12. A method as claimed in claim 11, wherein:
(a) the method is for predicting whether a patient suffering from tuberculosis will respond to treatment with one or more of ethambutol, isoniazid, streptomycin, amikacin, bedaquiline, capreomycin, clofazimine, ethionamide, kanamycin, and the one or more genes are eis, embB, rrs, rv0678, and fabG1; and the group of oligonucleotide primer sets consists of SEQ ID Nos. 1, 2, 3, 4, 5, 6, 7, 8, 9 and 10 (Group 1 in Table 7);
(b) the method is for predicting whether a patient suffering from tuberculosis will respond to treatment with one or more of isoniazid, rifampicin, ciprofloxacin, ethionamide, linezolid, moxifloxacin, ofloxacin and quinolones whereupon the one or more genes are gyrA, rpoB, ethA, rplC, and katG; and the group of oligonucleotide primer sets consists of SEQ ID Nos. 11, 12, 13, 14, 15, 16, 17, 18, 19 and 20 (Group 2 in Table 7); and/or
(c) the method is for predicting whether a patient suffering from tuberculosis will respond to treatment with one or more of pyrazinamide, streptomycin, capreomycin and ethionamide whereupon the one or more genes are gidB, inhA, rrl, pncA, rpsL, and tlyA; and the group of oligonucleotide primer sets consists of SEQ ID Nos. 21, 22, 23, 24, 25, 26, 27, 28, 29, 30, 31 and 32 (Group 3 in Table 7).
13. A method as claimed in claim 10, wherein the sample is one or more tissues and/or bodily fluids obtained from a subject suspected of having, or confirmed to have TB, optionally wherein the sample is sputum; urine; blood; plasma; serum; synovial fluid; pus; cerebrospinal fluid; pleural fluid; pericardial fluid; ascitic fluid; sweat; saliva; tears; vaginal fluid; semen; interstitial fluid; bronchoalveolar lavage; bronchial wash; gastric lavage; gastric wash; a transtracheal or transbronchial fine needle aspiration; bone marrow; pleural tissue; tissue from a lymph node, mediastinoscopy, thoracoscopy or transbronchial biopsy; or combinations thereof; or a culture specimen of one or more tissues and/or bodily fluids obtained from a subject suspected of having or confirmed to have TB.

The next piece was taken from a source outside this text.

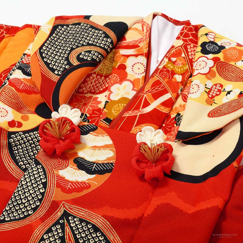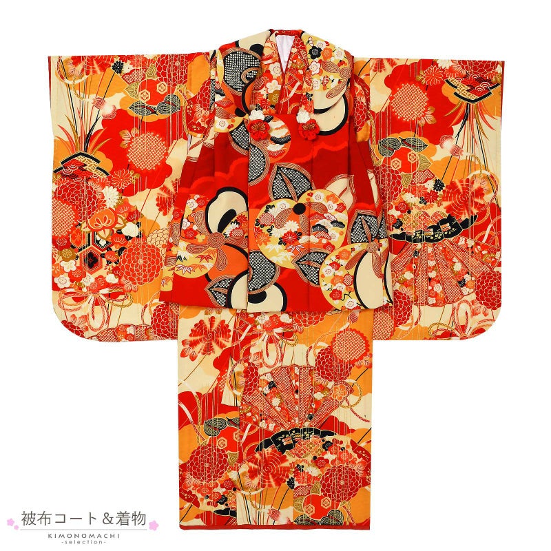 被布コートは濃い赤地に黒、生成り色、橙色、赤を基調とした大きな橘。紅白のつまみのお花の被布飾り。着物は紗綾形の地模様に生成り色、赤、薄橙、山吹色の雲取り。生成り色、橙色、赤を基調とした檜扇や花紋。その上に金彩の縦縞。重ね衿は赤茶色。薄ピンクの長襦袢。草履は黒地にゴールド、赤、白の花入り亀甲文様の台に赤の鼻緒。巾着は被布と共生地。赤、金のリボンに着物と同系色のつまみのお花をあしらった髪飾り。
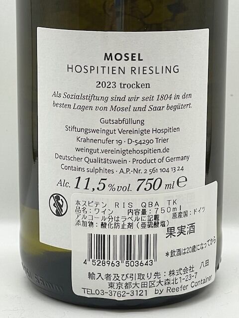 聖ヤコブ病院に端を発し、ドイツ最古の起源前330年から続くワインセラーを所有しています。現在でもワインの収益は、慈善事業の為に使われています。冷涼な産地の証であるキリっとした強めの酸と柑橘系果実のバランスがとてもエレガントで繊細なお食事のお伴に最適です。

14. A method as claimed in claim 10, wherein when more than one group of primer oligonucleotide primer sets are used for the amplification step (step (b)), each group is run as a separate multiplex group template, preferably wherein one or more of the multiplex group templates are then pooled prior to step (c) to make a single template for DNA sequencing and mutation detection.
15. A method for determining an appropriate antibiotic treatment regime for a patient with tuberculosis, comprising detecting and/or identifying the presence of one or more mutations that confer antibiotic resistance in a sample from the subject using the method as claimed in claim 10, and determining an appropriate antibiotic regime on the basis of the mutations detected/identified.
16. A kit comprising one or more oligonucleotide primer sets or oligonucleotide primer set groups as claimed in claim 1,or a multiplex PCR reaction mixture.